The following figure shows the compare reference output and Simulink output. Also, the Simulink control input is shown too.
It can be observed that the trajectory of the analogy output is basically the same as that of the tracking reference, and it also coincides in many times.
The maximum and minimum values of Simulink control input are maximum in the first cycle. In the next few cycles, the maximum and minimum values are decreasing. The control input is kept within -0.5 and 0.5. Thus, the design is successfully.
Then use the Simulink model to check the state estimation error. The following figure shows this part.
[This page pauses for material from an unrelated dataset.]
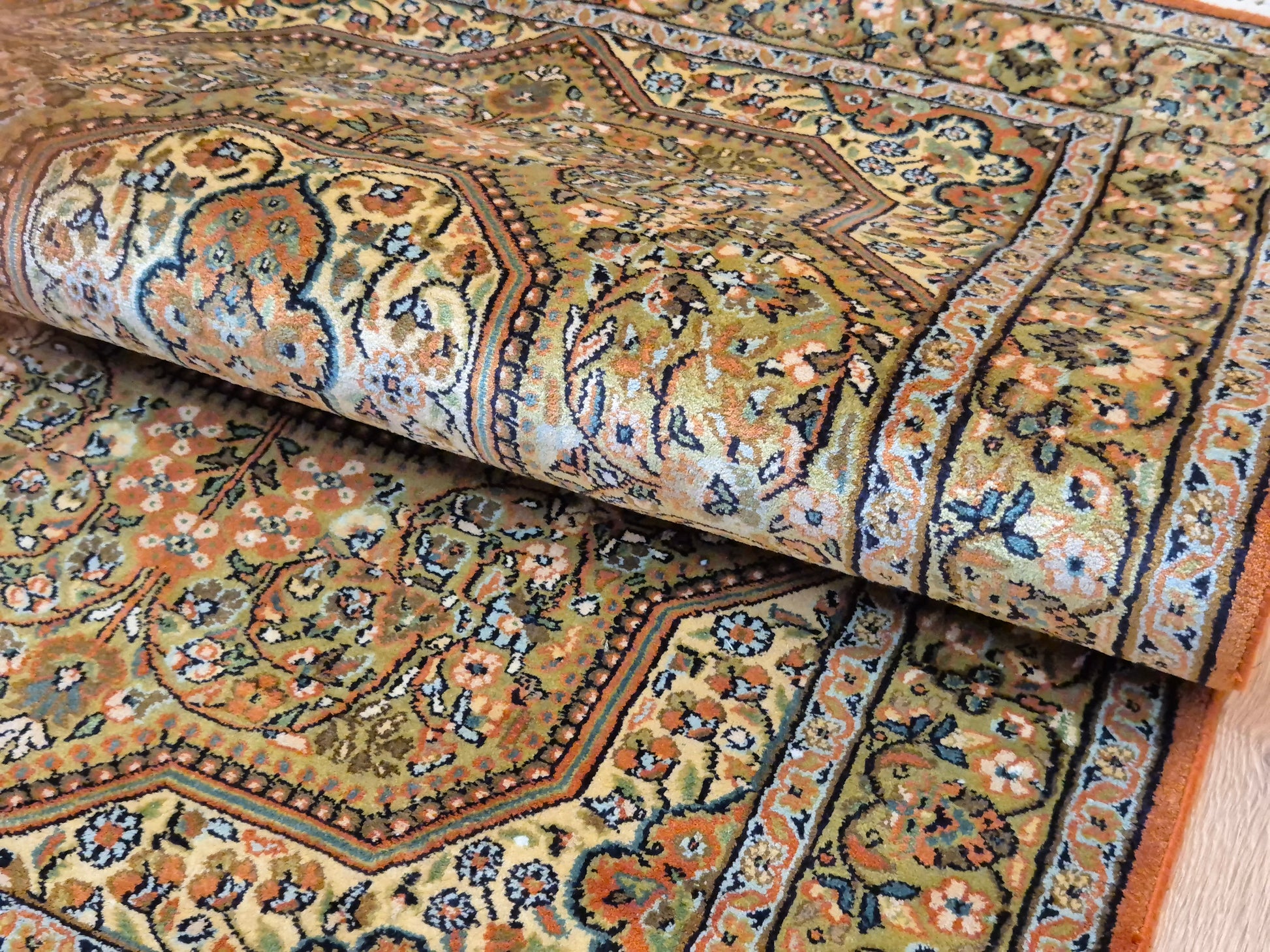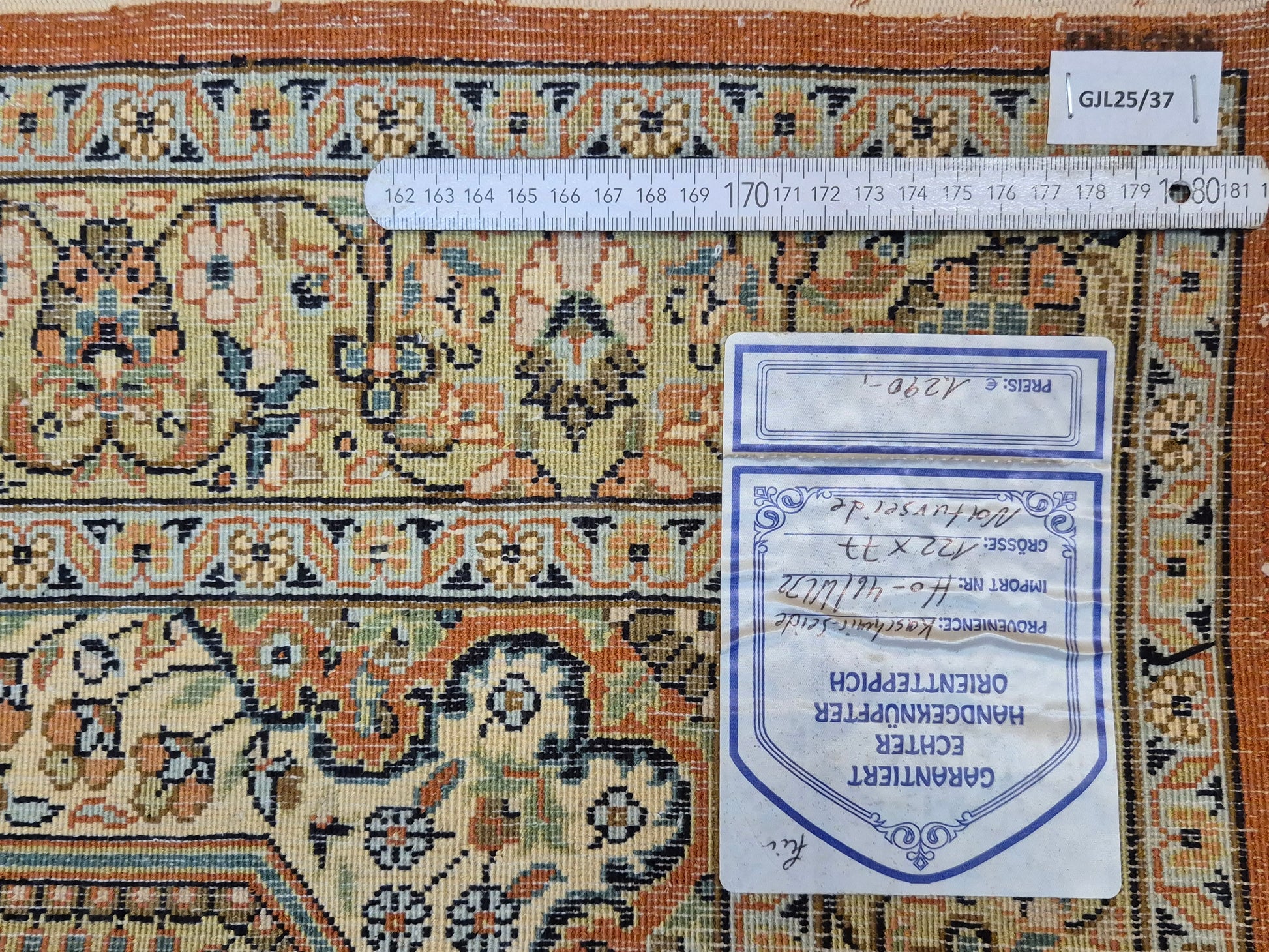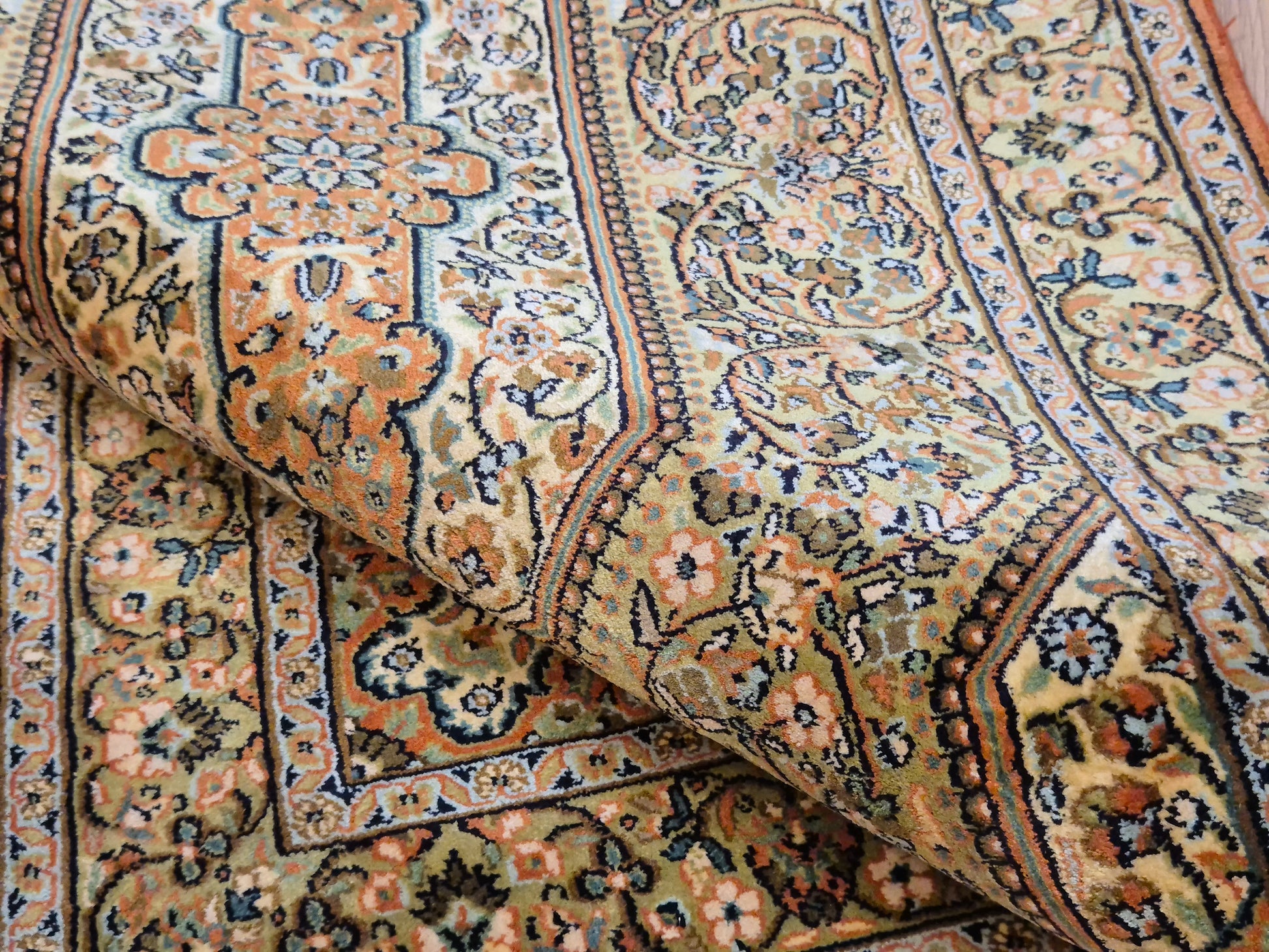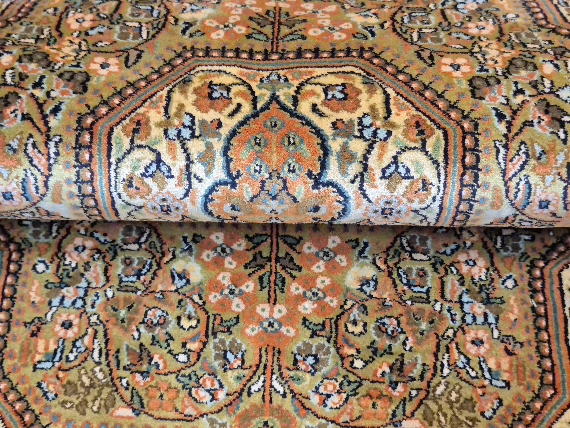 angeboten wird ein edler Kaschmir Teppich aus reiner Naturseide, handgeknüpft in feiner Knüpfung. Das kunstvolle Design zeigt ein stilisiertes Zentralmedaillon, umgeben von reich verzierten floralen Mustern und Arabesken. Die glänzende Naturseide verleiht diesem Teppich eine elegante Strahlkraft und betont die feine Detailarbeit.

The initial conditions of the observer and the system are different, but they are equal after the first sampling. Therefore, the functional design of the observer is very accurate.
Lab4
Aim:
This experiment aims to implement and evaluate the real-time performance of the deadbeat output feedback control system from Experiment 3 on the actual w-t system. It includes repeating the system identification from Lab 2 and performing the real-time control system implementation.
Result:
non-offset free output and input
offset free output and input
the 2nd half and entire offset free verification
the deadbeat control compares with non-deadbeat control
Comment: Similar to Lab 3, while deadbeat control provides a faster response, its input voltage exceeds the allowable range of [-0.5, 0.5], requiring us to exclude it from further design considerations.
Set-point control response
Set-point control response with observer and non-zero initial conditions
simulated and actual output feedback control
As can be seen from the figure, the output feedback control function operates normally. The paths of actual output and Simulink output are basically the same. But at the same time, we can see that in the second figure, the actual control input and Simulink control input cannot be the same size. Add 2 to the value of Simulink, and the two images will increase together. No solution has been found after troubleshooting.